— EXERCISE GOAL —
An exact copy of every record below is needed, with the pictures left out.

──────────────────────────────

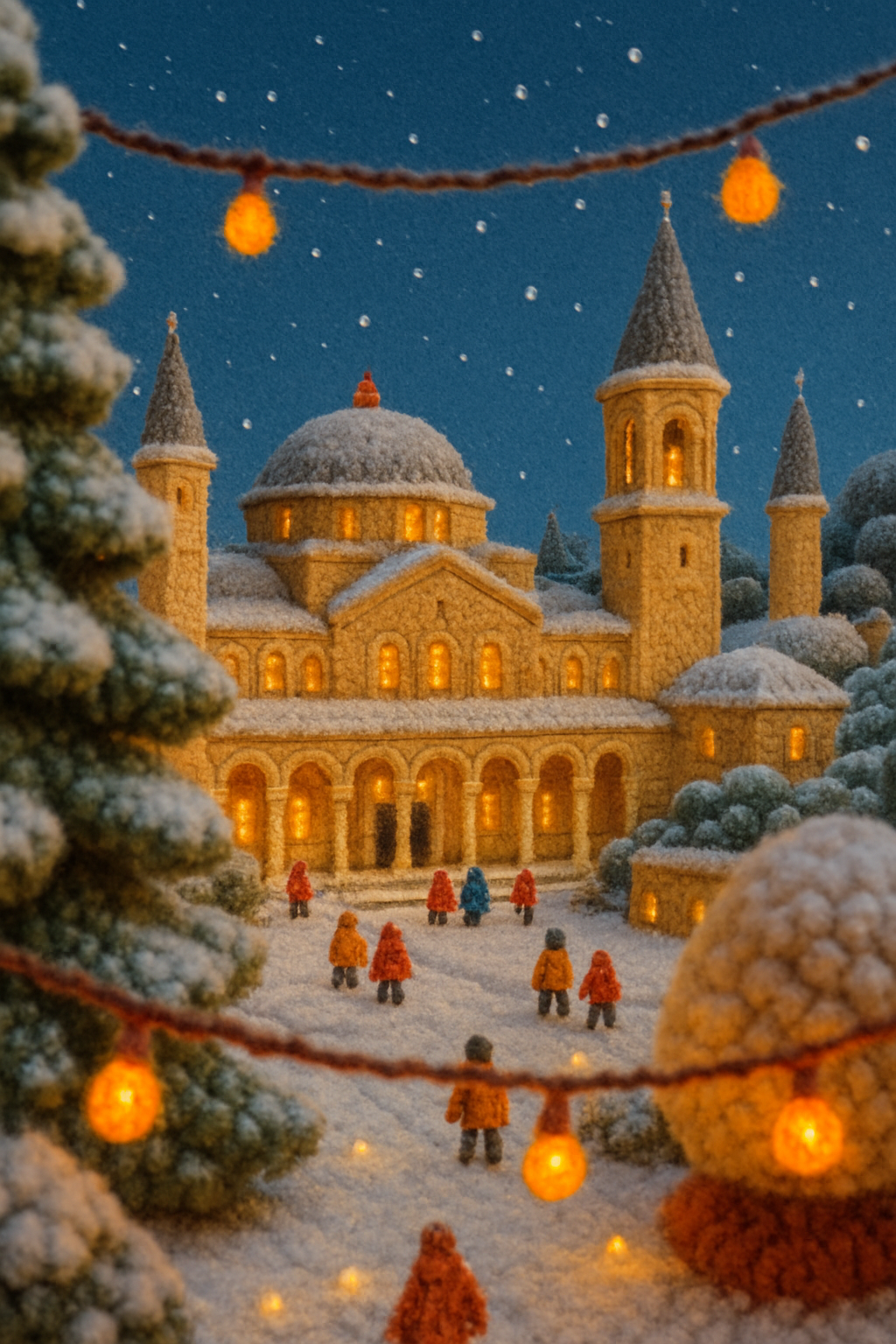 A whimsical depiction of Topkapi Palace, crafted to look like it's made of wool. The scene features a snowy atmosphere, glowing lights, and tiny figures, enhancing the festive vibe.
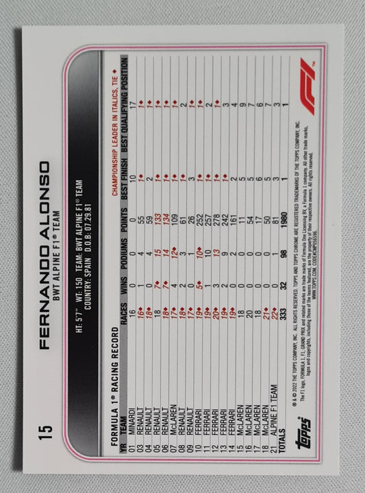 Out of StockFernando Alonso - 2022 Topps Chrome BWT Alpine #15
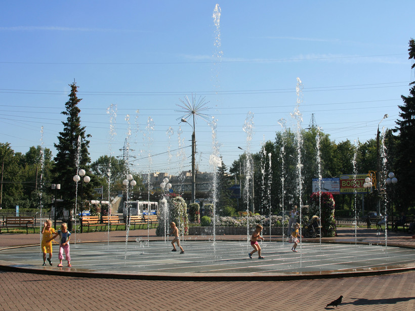 - Фонтан на Комсомольской площади - его особенность в том, что это фактически фонтан-аттракцион. Вокруг установлены колонки, и фонтан бьет водой в такт музыке, максимально выбрасывая струи на 15м. Вечером к музыке присоединяется динамичная подсветка, поэтому лучше на его посещение выделите вечер, после того, как нагуляетесь.
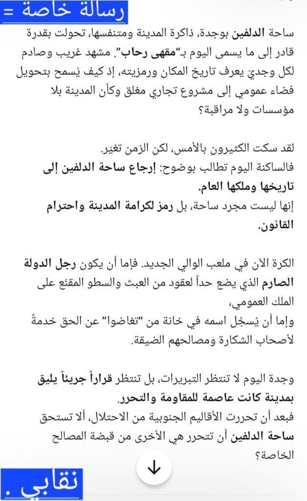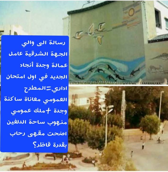 والي الجهة الشرقية عامل عمالة وجدة أنجاد الجديد امحمد العطفاوي امام امتحان اما يتبع نهج وزير الداخلية او يوالي اصحاب الشكارة بوجدة =ارجاع ساحة الدلفين إلى تاريخها وارثها بوجدة حيث اضحت مقهى رحاب بقدرة قادر ودهشة لوجادة ولكن جاء التحرير بعد تحرير الأقاليم الجنوبيةهل ستتحرر ساحة الدلفين بوجدة؟
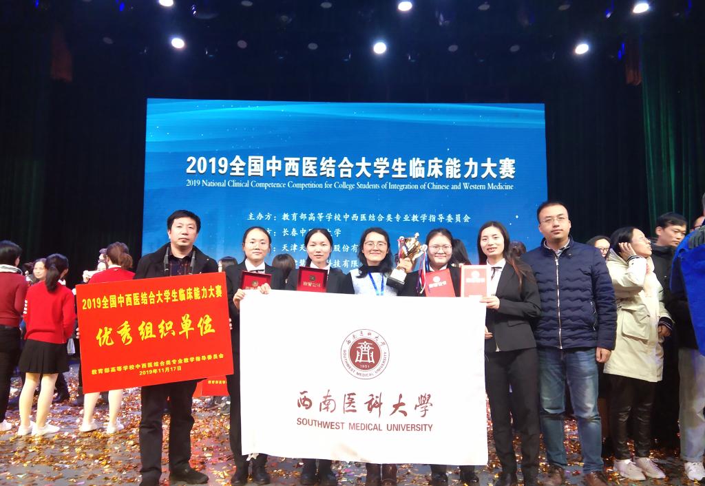 11月15-17日,由教育部高等学校中西医结合类专业教学指导委员会主办的2019全国中西医结合大学生临床能力大赛在长春举行。经过复赛和决赛的激烈角逐,我校中西医结合学院学生李秋月、罗星星、齐萍、杨燕组成的代表队荣获团体二等奖,学校获评最佳组织奖。此次大赛共有29所院校代表队参赛,我校中西医结合学院•附属中医医院副院长刘建带领8名师生代表参加了比赛。
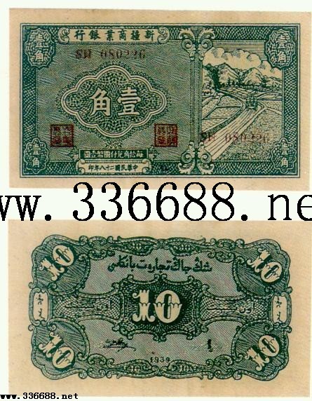 [图文]新疆商业银行民国28年(1939)   1角         ★★★

──────────────────────────────

— OUTPUT FOR THIS EXERCISE —
 A whimsical depiction of Topkapi Palace, crafted to look like it's made of wool. The scene features a snowy atmosphere, glowing lights, and tiny figures, enhancing the festive vibe.
 Out of StockFernando Alonso - 2022 Topps Chrome BWT Alpine #15
 - Фонтан на Комсомольской площади - его особенность в том, что это фактически фонтан-аттракцион. Вокруг установлены колонки, и фонтан бьет водой в такт музыке, максимально выбрасывая струи на 15м. Вечером к музыке присоединяется динамичная подсветка, поэтому лучше на его посещение выделите вечер, после того, как нагуляетесь.
 والي الجهة الشرقية عامل عمالة وجدة أنجاد الجديد امحمد العطفاوي امام امتحان اما يتبع نهج وزير الداخلية او يوالي اصحاب الشكارة بوجدة =ارجاع ساحة الدلفين إلى تاريخها وارثها بوجدة حيث اضحت مقهى رحاب بقدرة قادر ودهشة لوجادة ولكن جاء التحرير بعد تحرير الأقاليم الجنوبيةهل ستتحرر ساحة الدلفين بوجدة؟
 11月15-17日,由教育部高等学校中西医结合类专业教学指导委员会主办的2019全国中西医结合大学生临床能力大赛在长春举行。经过复赛和决赛的激烈角逐,我校中西医结合学院学生李秋月、罗星星、齐萍、杨燕组成的代表队荣获团体二等奖,学校获评最佳组织奖。此次大赛共有29所院校代表队参赛,我校中西医结合学院•附属中医医院副院长刘建带领8名师生代表参加了比赛。
 [图文]新疆商业银行民国28年(1939)   1角         ★★★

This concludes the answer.